> **Work item**
Your reply should hold every record exactly as given, with no pictures in it.

···

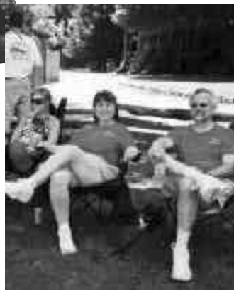
...HAD A CHANCE TO WEAR OUR MATCHING T-SHIRTS
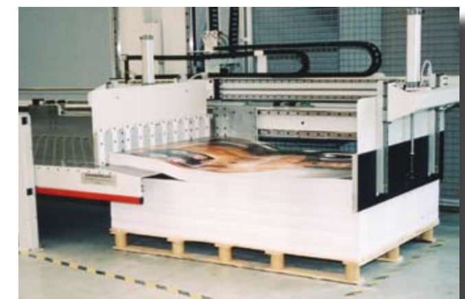
Restacker in operation
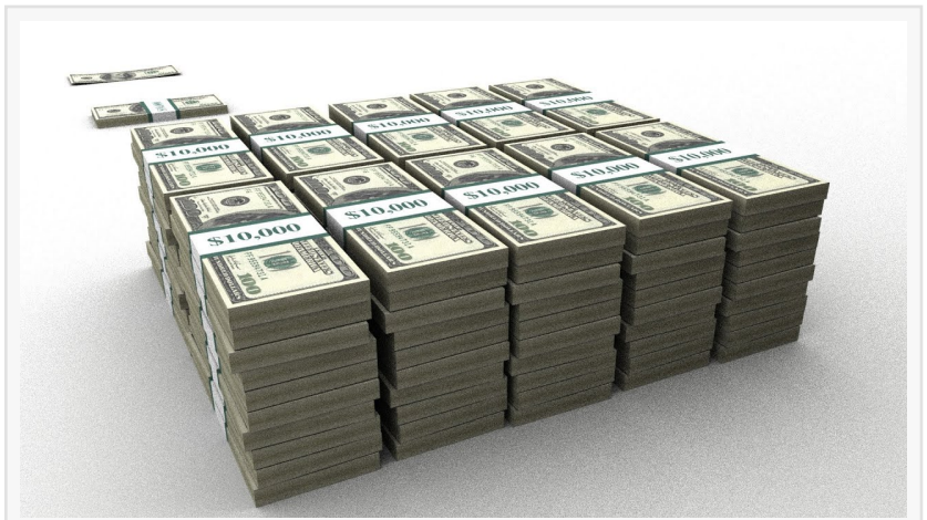
BIG SALES - HOT LEADS

Sprint Data Solutions Worldwide Marketing is, first and foremost, in the business of creating databases and putting them to good use for clients in all fields around the nation. Creating Sales Leads that are unique and exclusive tool available only from Sprint Data Solutions Worldwide Marketing The company was established even before digital marketing took to the stage, first entering the field of postal mail marketing. The team helped clients find the customers they were looking for by providing lists broken down into specific categories such as age and interest that brought higher response rates when properly applied.
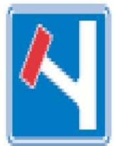
No through road for traffic in the direction indicated from junction ahead
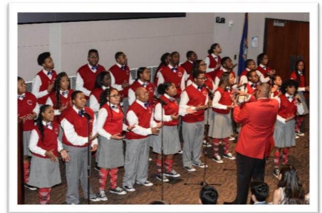
The Detroit Youth Choir performs

In addition, several volunteers from our BCBSM LDA chapter, Blue Acts, and Toastmasters chapters within Blue Cross and the surrounding area helped to make the event a success.
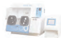
INVIVO 2 300 Compact Workstation - Larger Interlock
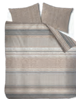
Twill Weave Brown 100% cotton.
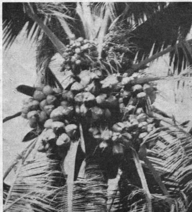
'Laccadive Micro' — large number of nuts

Because of the high yield, early flowering and disease tolerance, the demand for these hybrids has increased
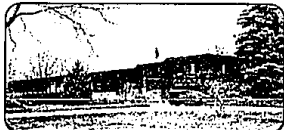
BIRMINGHAM. Sharp 4 bedroom Contemporary with many updates. Open foyer, spacious chef's kitchen, large living room and formal dining room. Romantic master suite with fireplace. Deck overlooks in-ground pool. Circular drive. $204,000 626-9100
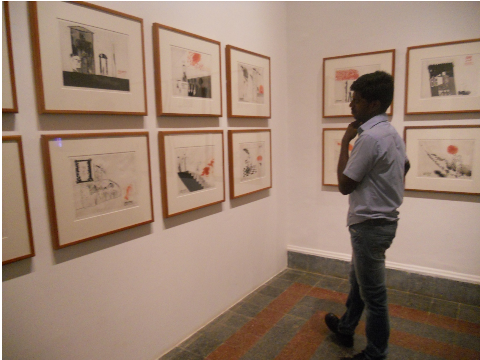
A visitor enjoys the work by David Hockney.
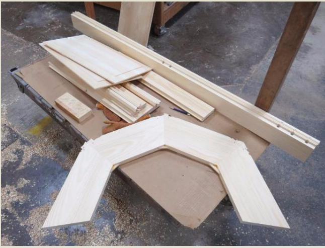
Components for Assembly

An arched top always brings a challenge to ensure that it matches the existing opening. We were able to keep the door that was being replicated and could check the radius as we were working to ensure accuracy. This door makes a unique and memorable entrance to the home. The use of both glass and raised wood panels gives the door interest and allows light to enter the residence through the divided lite glass with a round top.
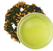
玄米茶 Genmaicha Roasted Rice 48 (Hot)
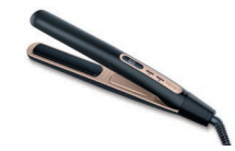
HS 100 Ready to use in just 12 seconds

···

> **Answer section**
...HAD A CHANCE TO WEAR OUR MATCHING T-SHIRTS
Restacker in operation
BIG SALES - HOT LEADS

Sprint Data Solutions Worldwide Marketing is, first and foremost, in the business of creating databases and putting them to good use for clients in all fields around the nation. Creating Sales Leads that are unique and exclusive tool available only from Sprint Data Solutions Worldwide Marketing The company was established even before digital marketing took to the stage, first entering the field of postal mail marketing. The team helped clients find the customers they were looking for by providing lists broken down into specific categories such as age and interest that brought higher response rates when properly applied.
No through road for traffic in the direction indicated from junction ahead
The Detroit Youth Choir performs

In addition, several volunteers from our BCBSM LDA chapter, Blue Acts, and Toastmasters chapters within Blue Cross and the surrounding area helped to make the event a success.
INVIVO 2 300 Compact Workstation - Larger Interlock
Twill Weave Brown 100% cotton.
'Laccadive Micro' — large number of nuts

Because of the high yield, early flowering and disease tolerance, the demand for these hybrids has increased
BIRMINGHAM. Sharp 4 bedroom Contemporary with many updates. Open foyer, spacious chef's kitchen, large living room and formal dining room. Romantic master suite with fireplace. Deck overlooks in-ground pool. Circular drive. $204,000 626-9100
A visitor enjoys the work by David Hockney.
Components for Assembly

An arched top always brings a challenge to ensure that it matches the existing opening. We were able to keep the door that was being replicated and could check the radius as we were working to ensure accuracy. This door makes a unique and memorable entrance to the home. The use of both glass and raised wood panels gives the door interest and allows light to enter the residence through the divided lite glass with a round top.
玄米茶 Genmaicha Roasted Rice 48 (Hot)
HS 100 Ready to use in just 12 seconds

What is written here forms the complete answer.